Вот эту дрожь он любил больше всего, она была признаком настоящего.
С тех пор, как здесь, за этим же столом, Андрей писал свой первый рассказ, прошло очень много времени – целых девять лет. Все изменилось. Тогда была бабушка и не было Коленьки, и Мышонок был маленький и шустрый, а теперь вон какой степенный. Андрей зовет кота Мышонком, а мама и Катя – Тишкой. Кот, не обижаясь, откликается на оба имени. Коленька, когда был маленький, называл кота Тиса-Мыса. Уезжая, Катя набила морозильник рыбой. «Не забудь кормить Тишку!» – крикнула, когда поезд уже тронулся.
Ничего, кроме жизни… Когда вышла его книга – двенадцать рассказов – он думал: событие, все заметят, будут ему писать. Может быть, даже напишет и тот, на кого он все время боялся быть похожим, так нравились его манера, его обыкновение начинать как бы уже с середины…

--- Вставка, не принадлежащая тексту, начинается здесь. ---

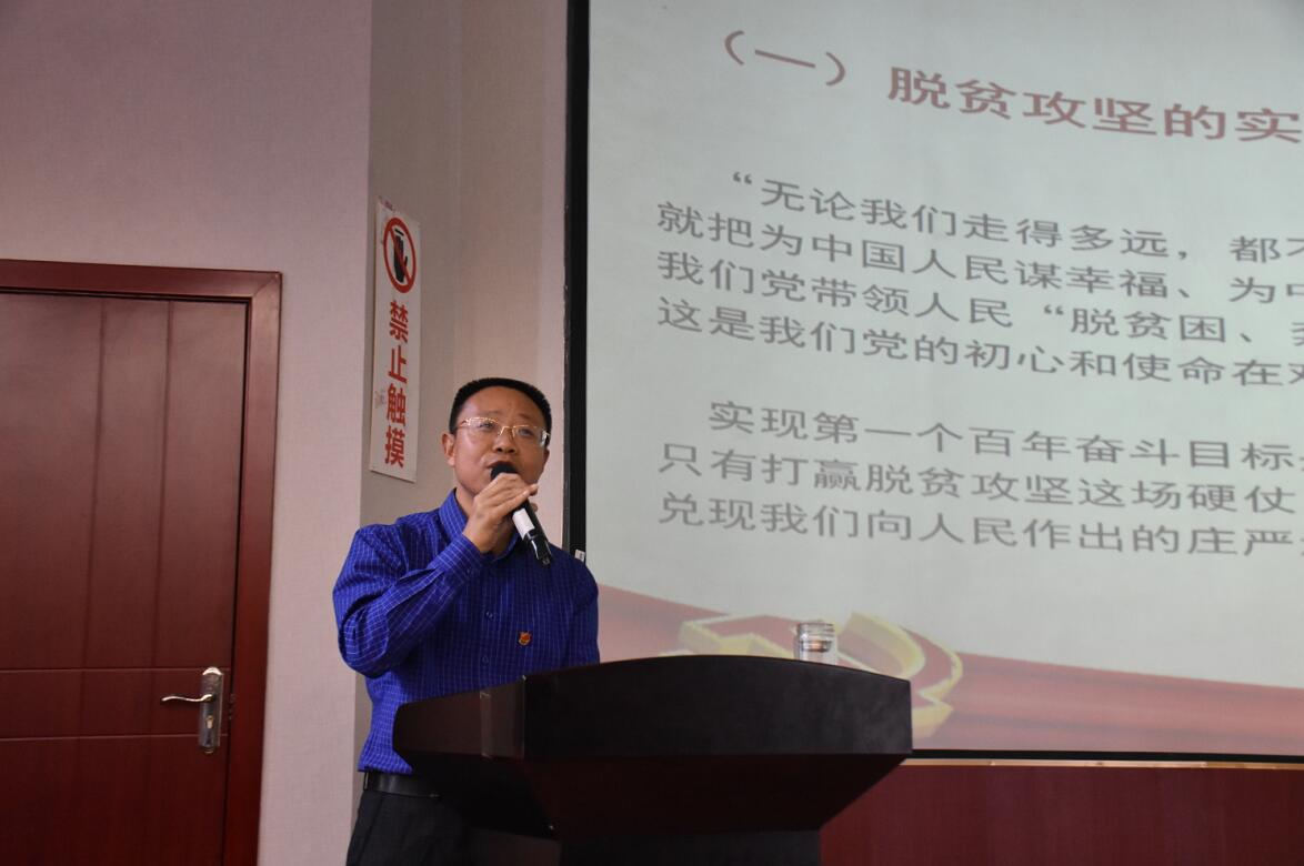 本次主题教育由万州区龙驹镇党委书记张凤政书记为大家介绍龙驹镇的脱贫攻坚之路,张书记分别从三个方面详细讲述了在脱贫攻坚中看共产党人的初心使命。第一、强调了学习习近平总书记坚定的初心使命、深厚的人民情怀等四点讲话;第二、讲解了十八大以来关于脱贫攻坚成就的“站位、学习、精准、深贫、整改、党建”六个关键词;第三、提出了未来脱贫攻坚路上面临的问题,并提出镇村联动、优化环境、动态完善等实践方法。

Никто ничего не написал, никто ничего не заметил. «Про-шли, знаешь, времена Григоровича и Чехова», – сказал ему Володя Найденов, которого Андрей посвятил в свои ожидания.
Володя был его единственным другом здесь, в Ленинграде, а может, и вообще единственным. Остальные – приятели. С Найденовым познакомились когда-то в университетской столовой. Он прошел как раз тот путь, по которому хотел в свое время пройти Андрей: закончил матмех и аспирантуру философского факультета и уже был кандидатом наук.
Все, что Андрей пишет, он читает Володе. Сначала ему, потом уже Кате. Катя обижается, но он ничего не может здесь изменить. Найденов был тогда, когда Кати еще не было, когда Андрей мучился со своим первым рассказом, а потом решился и прочел его Володьке.
Тот сказал: «Ты знаешь, я давно уже ничего подобного не читал. Это не просто хорошо, это очень хорошо». И Андрею стало так весело, так замечательно жить! А рассказ был, конечно, слабый; теперь-то он это знает, и Володька это наверняка понимал, но если бы он тогда не похвалил его так убежденно, кто знает, может, никогда бы ничего и не получилось.
Андрей, конечно, отключает телефон, и дозвониться до него невозможно, сам же позвонить никогда не догадается. Третий день Майя лежит дома с температурой и традиционным диагнозом в бюллетене: ОРЗ. За окном дождь и холодно – плохая весна. Звонила Нонна, передавала привет от Кати, у нее все хорошо.